LLM applications regress in production when prompts change without control, and the quality drop only surfaces after users complain. PromptBench Studio treats prompts as software assets (versioned, measured, and compared with method) and makes regressions detectable before deploy.
- Treats prompts as immutable, auditable assets, with a history of who changed what and what the impact was.
- Builds datasets with evaluation slices (typical, edge, known_failure, adversarial) that expose real risks.
- Measures cost, latency, variance, and quality rigorously: tokens from the provider, standard deviation across repetitions, and a calibrated judge.
- Detects regressions before production with a per-dimension and per-slice verdict, not just the global average.
.mov version
The video walks through the full flow: browsing tasks, opening the rubric, running an
experiment, reading the per-slice scorecard, and comparing two versions down to the
regression verdict. It shows both fake runs (deterministic, no API key) and real runs
on claude-haiku-4-5, side by side with real latency and cost.
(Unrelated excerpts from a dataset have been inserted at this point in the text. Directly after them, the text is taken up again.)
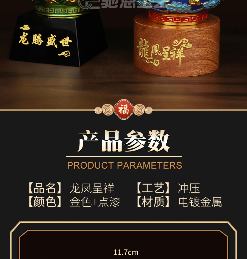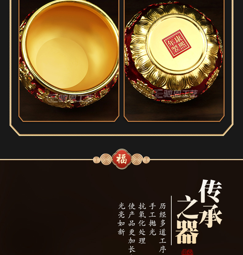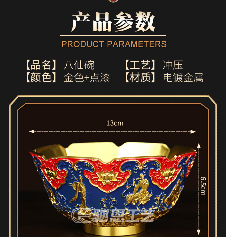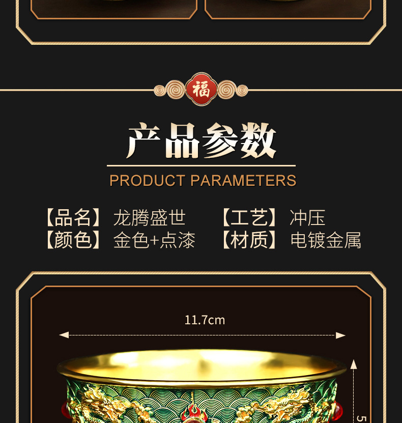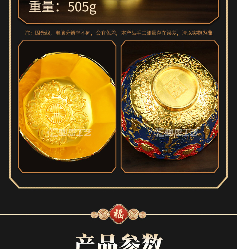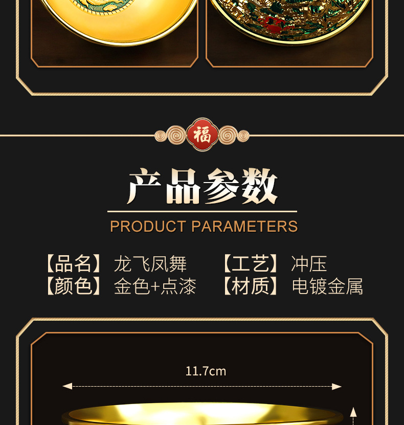 珐琅彩合金金碗摆件家居装饰婚庆礼品摆件龙腾盛世送福工艺品摆件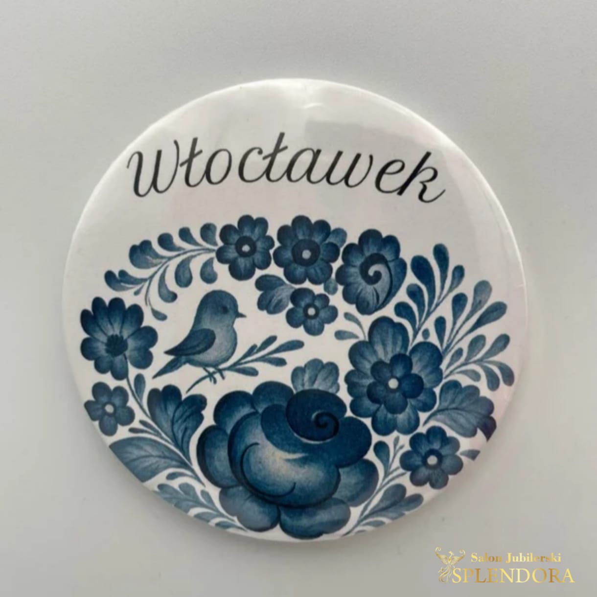 Okrągłe lusterko o średnicy 75 mm z motywem fajansu włocławskiego w dekoracji kobalt ptaszek to elegancki i praktyczny dodatek inspirowany tradycyjnym wzornictwem. Charakterystyczny kobaltowy motyw z ptaszkiem nadaje mu wyjątkowy, klasyczny wygląd, dzięki czemu świetnie sprawdza się jako drobny upominek, pamiątka regionalna lub element codziennego użytku.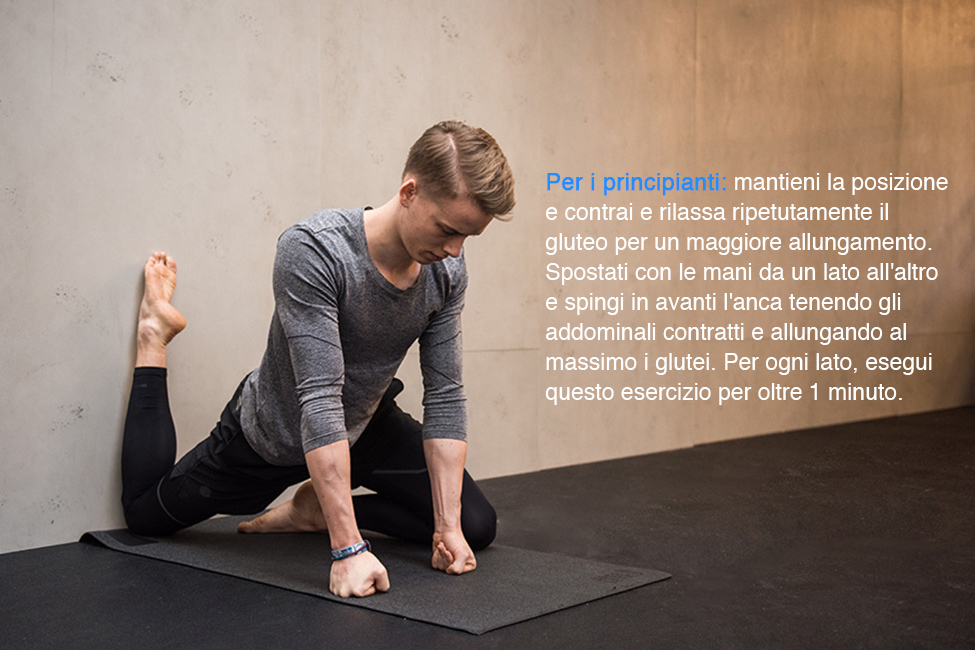 Il cosiddetto Couch-Stretch è probabilmente l’esercizio migliore per aprire la parte anteriore delle anche e sciogliere i muscoli delle cosce. Ti aiuterà a fare gli Squat assumendo una posizione più dritta e corretta e a spingerti ancora di più con le gambe durante gli Sprint. Non preoccuparti se all’inizio farai fatica con questo movimento: se non hai mai fatto questo tipo di allungamento, potrebbe sembrarti come un piccolo workout. Ecco a cosa fare attenzione: Durante questo esercizio è essenziale contrarre il gluteo della gamba posteriore mentre ti metti in posizione e far lavorare gli addominali per mantenere dritta la schiena.
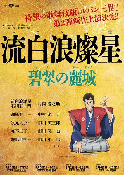 すべて見る歌舞伎「流白浪燦星(ルパン三世)」の第2弾となる新作のタイトルが、『流白浪燦星 碧翠の麗城(へきすいのれいじょう)』に決定。また、片岡愛之助が演じる流白浪燦星とともに、作品を盛り上げる出演者の配役が明らかとなった。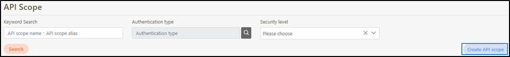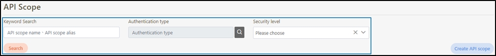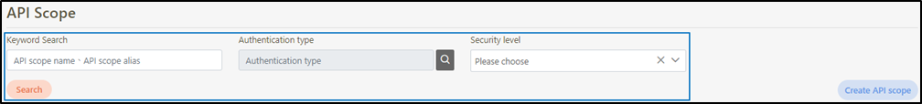 Enter the keywords, the authentication type or security level to search for the desired API scopes.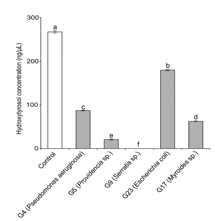 体外分离与鉴定:从肠道中分离出的5株优势菌(铜绿假单胞菌、普罗威登斯菌、沙雷氏菌、米罗氏菌、大肠杆菌)均展现出降解能力。其中,沙雷氏菌(Serratia sp. G9)的降解效率最高,在24小时内可降解 100% 的羟基酪醇。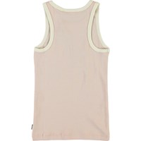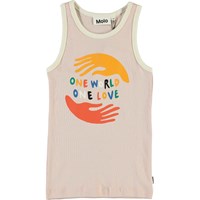 Rosie är ett rosa linne med vita kanter och texten 'One world, one love’.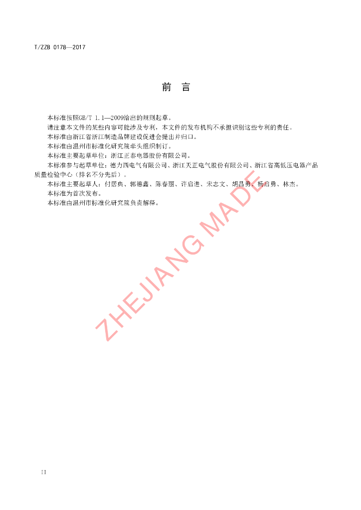 本标准由温州市标准化研究院牵头组织制订。、本标准主要起草单位:浙江正泰电器股份有限公司。、本标准参与起草单位:德力西电气有限公司、浙江天正电气股份有限公司、浙江省高低压电器产品质量检验中心(排名不分先后)。

No API key needed to run the demo. The
FakeAdapterproduces deterministic, realistic outputs — including the adversarial regression case — so the full flow is visible without any external credentials.
How it works. It runs multiple prompt versions across multiple models, measures quality, latency, and cost, and detects regressions that the global average hides by looking slice by slice (typical, edge, known_failure, adversarial).
PromptVersionis immutable, variance is a first-class metric, cost comes from the provider's realusage, and the regression verdict approves or rejects a version by evaluating each slice individually.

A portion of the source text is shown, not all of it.